Allegedly, Alameda Research misused billions of dollars from FTX customers’ accounts. Besides, over $370 million worth of crypto funds appears to be missing in a possible hack
The FTX collapse saga continues with a range of fresh scandals. Apparently, the exchange’s native token was used as collateral by Alameda Research, the fund started by Bankman-Fried. The sister company was partially able to cover up its activity because the billions of assets it was trading were borrowed from FTX users.
Firstly, CNBC sources reported that the trading firm founded by Sam Bankman-Fried Alameda Research quietly used customer funds from his exchange FTX, while many employees and outside auditors were unaware of both the lack of liquidity and the potential misuse of customer deposits.

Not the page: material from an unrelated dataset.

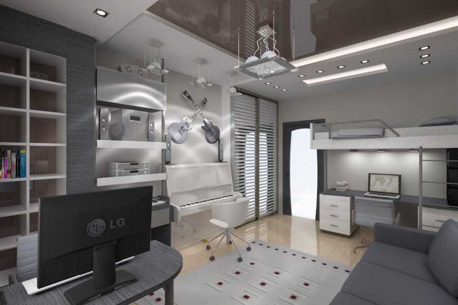 Часть комнаты подроста стоит оборудовать в соответствии с его талантами и интересами, например, установив там пианино, спортивный уголок, мольберт с красками. Фото дизайна детской комнаты для мальчика-подростка можно увидеть ниже.

Moreover, none of the financial exchange between the two companies was disclosed to the customers themselves. Meanwhile, mixing customer funds with counterparties and trading them without explicit consent, according to the US securities legislation, is illegal.
In addition, the risk-management firm Elliptic discovered that more than $370 million worth of crypto funds appears to be missing from FTX accounts. The bankrupt FTX is now probing a potential hack and warning customers to stay off the FTX website.
The potential hack occurred Friday after the bankruptcy announcement. A rival crypto exchange stated Saturday it had some details about the alleged hacker and would help authorities in their investigation.
More than $220 million of the allegedly stolen tokens were quickly converted to the stablecoin dai or ether on decentralized exchanges. However, another $186 million were likely moved by FTX itself into secure storage after the bankruptcy filing.